New Algebraic Techniques for Constructing Sequences and Arrays with Good Correlation Properties
Wright State University, Dayton OH
Investigators
Abstract
New Algebraic Techniques for Constructing Sequences and Arrays with Good Correlation Properties K.T.Arasu Department of Mathematics & Statistics, Wright State University, Dayton, OH 45435 The Correlation Problem covers a broad fundamental combinatorial problem with deep mathematical content. Specific solutions to the Correlation Problem have practical diverse applications in communications, experimental design, laboratory instrumentation and manufacturing. As technology changes so too will the instances of the Correlation Problem which need solving. This research develops new mathematical techniques for attacking the problem.
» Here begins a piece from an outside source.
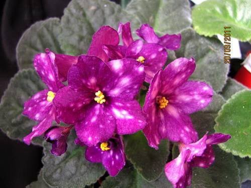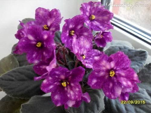 Обильное цветение на устойчивых цветоносах. Большой шапкой не цветет. Цветы у этой фиалки держатся месяц. У этого сорта особенность — когда цветы только распустились — они более насыщенного тёмно-лилового цвета, крапины фэнтези небольшие. Когда цветок полностью распустился — цвет становится менее интенсивным, а пятна фэнтези больше и расплывчатые. Цветочки со временем выгорают и тускнеют.

The Correlation Problem is to design sequences or arrays with specified dimensions with entries chosen from a specified finite set so that all non-trivial periodic autocorrelations lie in a prescribed restrictive set. Usually the autocorrelations are computed using a quadratic form. More generally, one may seek several arrays with good autocorrelations and good cross-correlations. The Correlation Problem divides into two questions: When do solutions exist, and if so, what does the solution space look like? The sequence design problems that we investigate have a variety of applications in communication engineering. The methods used will be very algebraic and would employ tools from algebra, finite fields, algebraic number theory and representation theory. Calculation of the linear span (p-ranks) of the obtained sequences will use combinatorial tools, in conjunction with the algebraic tools developed here.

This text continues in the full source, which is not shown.